If you look at that image to the left, I would hope you can follow my train of thought in imagining that puzzle piece as a human being, requisite with four limbs and a head.

Even though I spent a lot of my youth playing both computer and console games, reading, and playing outside, one of my favorite activities was to take one of my puzzles (another hobby of young Denis) and assign each piece a set of statistics I kept in a notebook by my side. What would then occur depended on my mood that day. Some days large scale battles would take place, with turned over puzzle pieces indicating a unit that had been slain. Other days I would just use them as props to tell a story of exploration and adventure without any need for combat.

My younger brother, Dane, recently picked up World of Warcraft again. He and his family moved to a small village outside my hometown of Fulda. Therefore he has plenty of free time on his hand not socializing with said village-folk. He’s living the life many of my college friends desired–stay at home dad who gets to play video games all day while taking care of his son. Beyond his pleas to have me play again (I refuse), he has been regaling me with his efforts to gain his second level 70 character, earn his epic flying mount, and all manner of stories.

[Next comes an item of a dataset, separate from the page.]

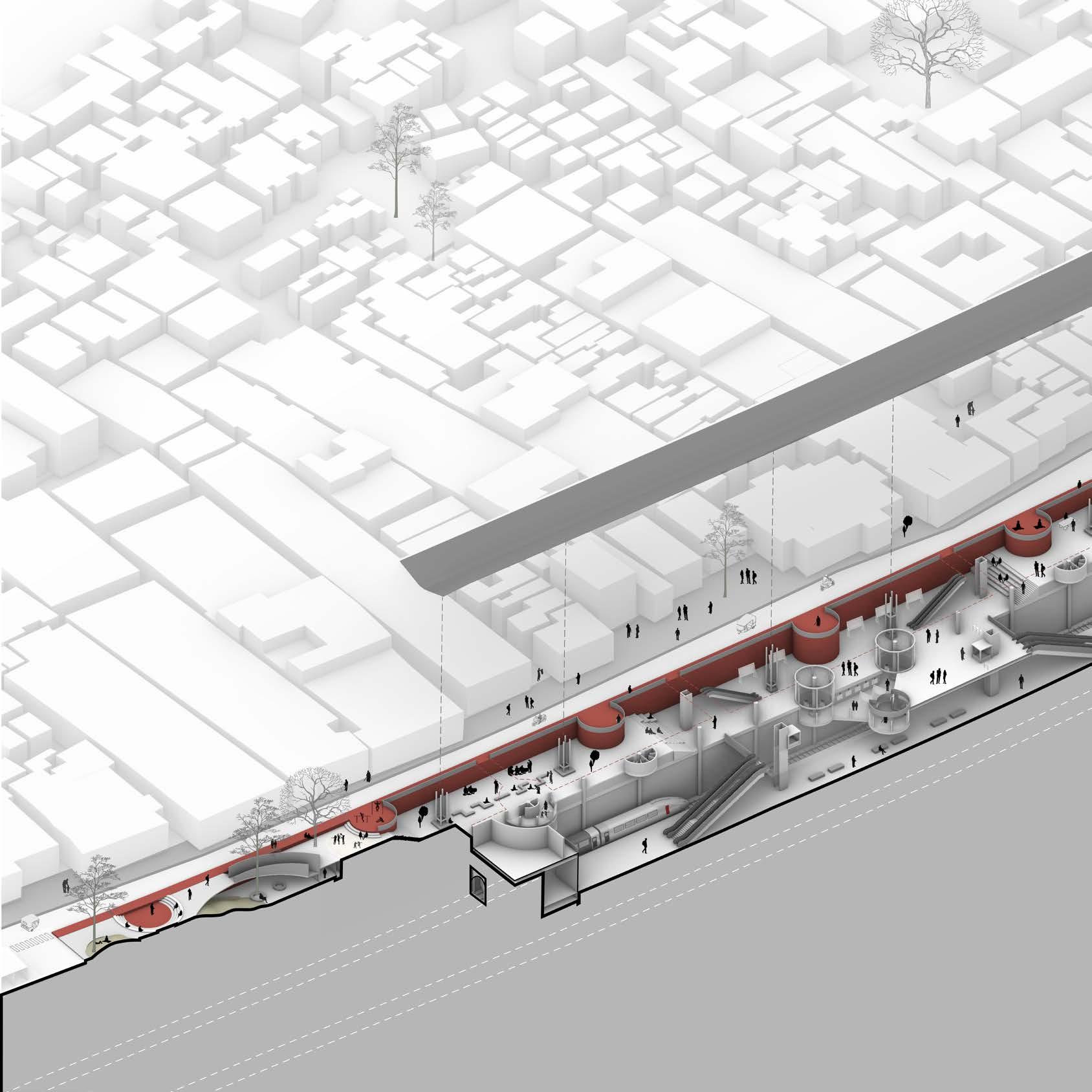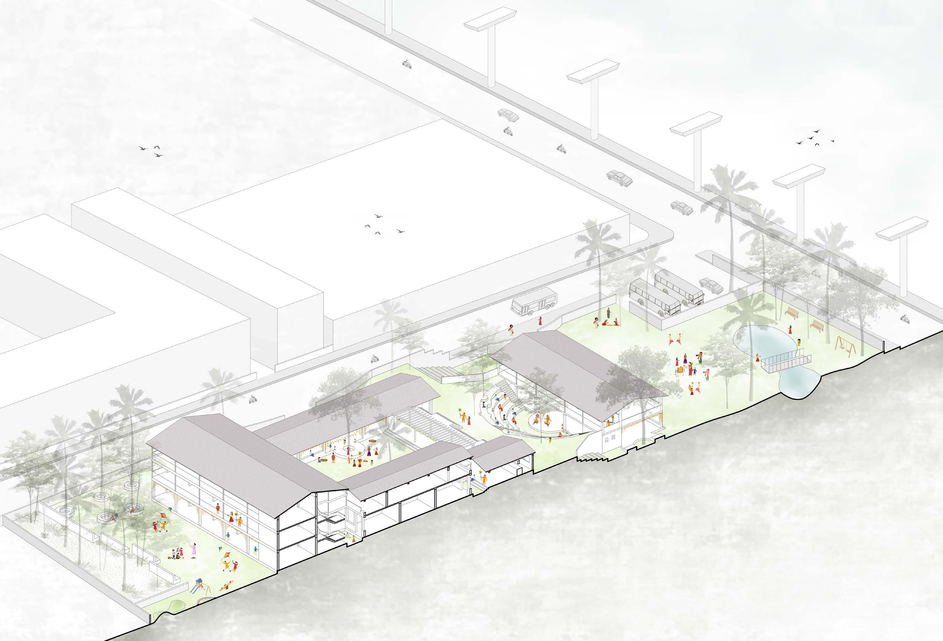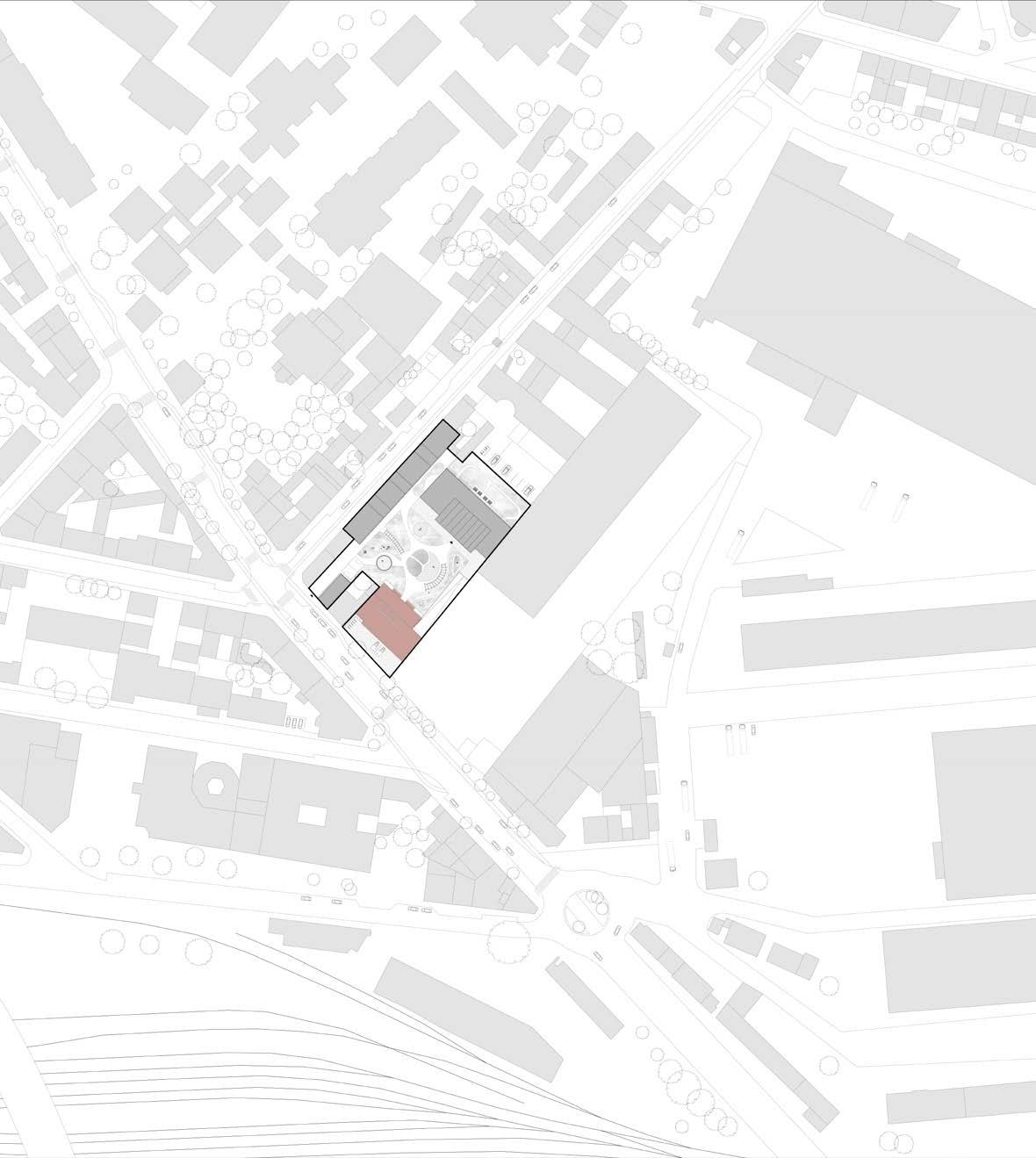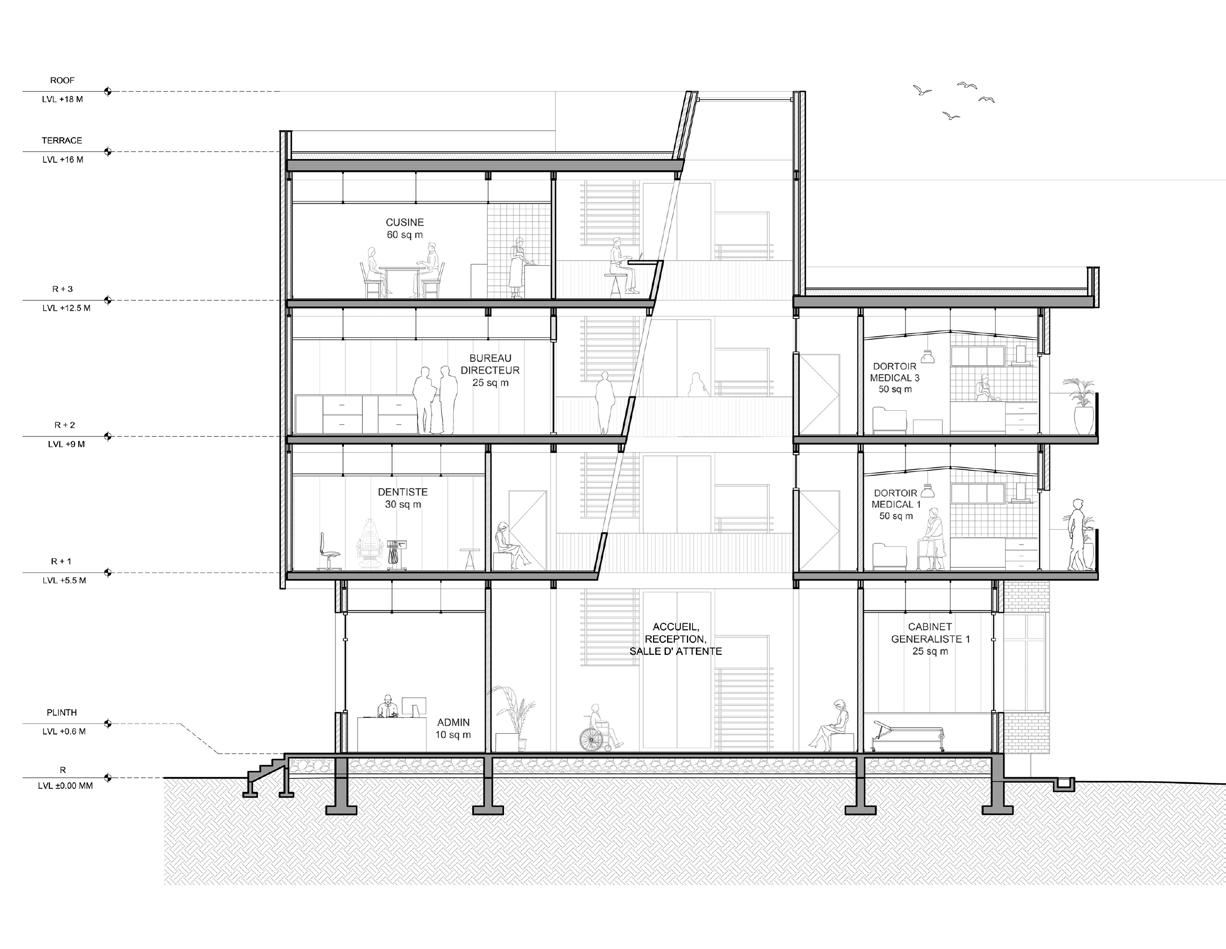 In the heart of Pantin, the project is located along a major road artery of the city of Paris. It aims to create an urban paradise with multiple functions coming together in the same space (the idea of mixed-use typology). The overlapping of distinct functions such as an health centre, leather goods workshop, coworking spaces and multiple housing units can be seen in the project. The central green spaces not only helps in tying the project together but also encourages diverse activities to flourish. After the master plan stage, the studio focused on developing and detailing the individual spaces. The health center is located right in front main road for ease of access. Inorder to increase the visibilty of the building the facade is intentionally made with red bricks. The interior spaces arranged around a central atrium-like space that brings in light and helps in ventilation of the spaces. There are also housing units within the health center which acts as spaces for elderly people, disabled and visiting doctors.

This past Friday he was being his usual self and antagonizing the GM’s. He was playing his level 70 gnome mage and because he was on a roleplaying server, he was requesting that he be allowed to switch his Alliance-loyal gnome to the side of the Horde. This was how he wished to roleplay his character, he would tell them. He knew going in that he would not be granted his request.

The GM’s actually surprised me by telling him they would forward his complaint of not being able to enact this change to the design team, to be dicussed for a future expansion and/or patch. Whether or not they actually follow through on this, I cannot say.

While he was waiting on that response, my brother and I engaged in one of our usual pasttimes: debate. As soon as he pointed out that he was on a roleplaying server, I pointed out to him that when he was playing Final Fantasy, Diablo, or any of a number of games, he was being told he was playing a roleplaying game. This did not automatically grant the title the benefit of roleplaying, though.

In fact, he argued that he just wanted to play how he wanted to play.

It’s something gamers are increasingly promised. You can do whatever you want.

Ending my debate with my brother, I pointed out that if he wanted a game without restriction, he might as well just use his imagination. Growing up in the same household as myself and knowing about my games with puzzle pieces, he let the matter drop with a winking face on our AIM clients and that was that.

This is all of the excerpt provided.